Tony Mamodaly (born 2 August 1990) is a sports agent and former professional footballer who played as a forward. Born in Germany, he represented Madagascar at international level.

==Early and personal life==
Mamodaly was born in Mannheim, Germany. His father was from Madagascar. Mamodaly initially combined his football career with handball, playing for Rhein-Neckar Löwen and the Germany national youth team, before giving it up to concentrate on football.

==Club career==
Mamodaly joined TSG 1899 Hoffenheim at the age of 16. After playing with Karlsruher SC II, he trialled with Scottish club Dundee United along with eight teammates, including Lukas Rupp and Matthias Zimmermann.
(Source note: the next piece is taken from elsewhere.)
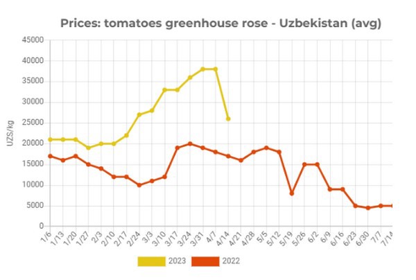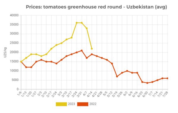 According to EastFruit price monitoring, from April 7 to April 14, 2023, the average wholesale price for round red tomatoes decreased from 33 000 to 22 000 UZS/kg (from $2.90 to $1.93). Considering that the prices have been falling for the second week in a row, from March 31 to April 14, 2023, the average wholesale price for round red tomatoes decreased from 36 000 to 22 000 UZS/kg (from $3.15 to $1.93), i.e., by 39% in the last two weeks. At the same time, current wholesale prices approached last year’s levels. The average wholesale price on April 14, 2023, was only 16% higher than on the same date last year.

His proposed transfer to Dundee fell through and he instead moved to Dynamo Dresden II, signing for them in October 2009. Mamodaly viewed his time with Dynamo Dresden as a "catastrophe" and that he was bullied by the manager. After two years he trialled with French club Lorient, but that transfer also fell through. He left Dynamo Dresden, and trained with a VDV camp for contractless players. He trialled with 1. FC Nürnberg.
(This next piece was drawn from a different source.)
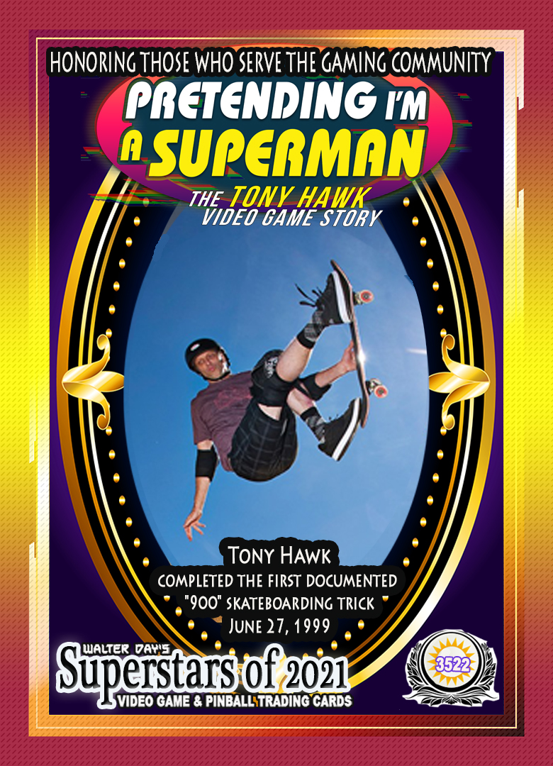 Our next Trading Card Spotlight features Tony Hawk who currently is displayed on card number 3522, from the Superstars of 2021 Collection. There is no talk about skateboarding without mentioning the name Tony Hawk. His popularity in skateboarding was as big as any other top names in professional sports. He was the first person ever to land a “900”, a maneuver he was trying for almost 10 years. This feat was accomplished right at the time that Tony stepped into the video game industry with the franchise of Tony Hawk’s Pro Skater. The Tony Hawk video game series became one of the most popular franchises in history and has surpassed 1.4 billion dollars in sales. In December 4, 2020, a documentary of the Tony Hawk gaming series was released, “Pretending I’m a Superman – The Tony Hawk Video Game Story”.

He moved to the United States to play college soccer with the St. Thomas University Bobcats. He spent four seasons with the team, and became their captain. He ended his career in 2016 due to knee problems.

==International career==
Mamodaly earned two caps for Madagascar in 2010.

==Later career==
Mamodaly began studying for an MBA at Columbia University before returning to Miami to undertake a master's degree. He also set up a sports agency for young players from Germany, Italy and Brazil to study and play in the United States.